#### [Exercise description]
An exact reprint of the listing is required, with no pictures included.

#### [Dataset extract]
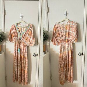 ☀️ COST PLUS WORLD MARKET Bohemian Boho Chic Casual Maxi Dress Tassel Tie S/M
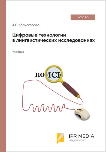 Колмогорова, А. В. Цифровые технологии в лингвистических исследованиях : учебник / А. В. Колмогорова. — Москва : Ай Пи Ар Медиа, 2024. — 177 c. — ISBN 978-5-4497-2373-4. — Текст : электронный // Цифровой образовательный ресурс IPR SMART : [сайт]. — URL: https://www.iprbookshop.ru/133468.html (дата обращения: 09.10.2023). — Режим доступа: для авторизир. пользователей
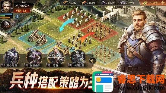 3. 全球战争:战争一触即发,需努力发展城市、壮大军队,和盟友一同备战,与全球不同国家玩家争夺王座。
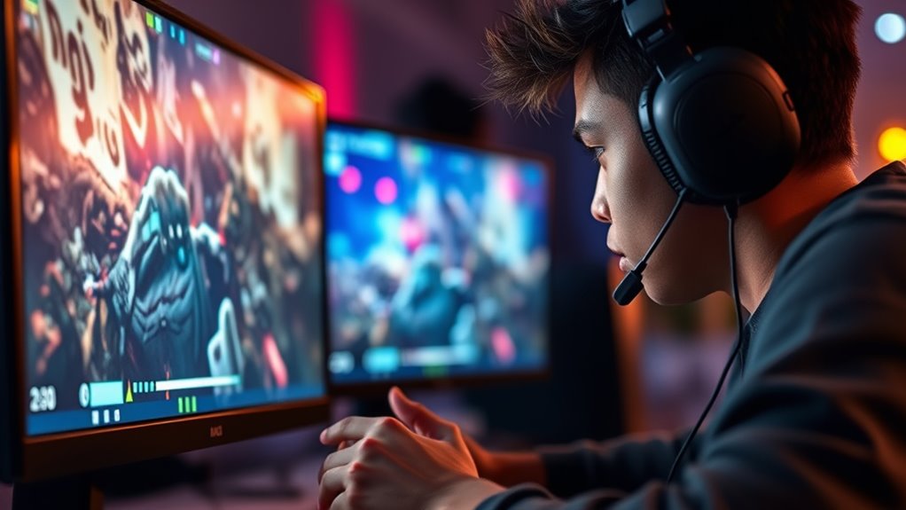 To avoid screen tearing while gaming, make certain your graphics drivers are up-to-date and set your monitor’s resolution and refresh rate correctly. Enable V-Sync or use adaptive sync technologies like G-Sync or FreeSync, which synchronize your GPU’s frame rate with your monitor’s refresh rate for smoother visuals. Adjust game settings to cap frame rates if needed and invest in a high-quality monitor with a high refresh rate. If you want more tips to get the best experience, keep exploring the solutions available.

#### [Exercise result]
 ☀️ COST PLUS WORLD MARKET Bohemian Boho Chic Casual Maxi Dress Tassel Tie S/M
 Колмогорова, А. В. Цифровые технологии в лингвистических исследованиях : учебник / А. В. Колмогорова. — Москва : Ай Пи Ар Медиа, 2024. — 177 c. — ISBN 978-5-4497-2373-4. — Текст : электронный // Цифровой образовательный ресурс IPR SMART : [сайт]. — URL: https://www.iprbookshop.ru/133468.html (дата обращения: 09.10.2023). — Режим доступа: для авторизир. пользователей
 3. 全球战争:战争一触即发,需努力发展城市、壮大军队,和盟友一同备战,与全球不同国家玩家争夺王座。
 To avoid screen tearing while gaming, make certain your graphics drivers are up-to-date and set your monitor’s resolution and refresh rate correctly. Enable V-Sync or use adaptive sync technologies like G-Sync or FreeSync, which synchronize your GPU’s frame rate with your monitor’s refresh rate for smoother visuals. Adjust game settings to cap frame rates if needed and invest in a high-quality monitor with a high refresh rate. If you want more tips to get the best experience, keep exploring the solutions available.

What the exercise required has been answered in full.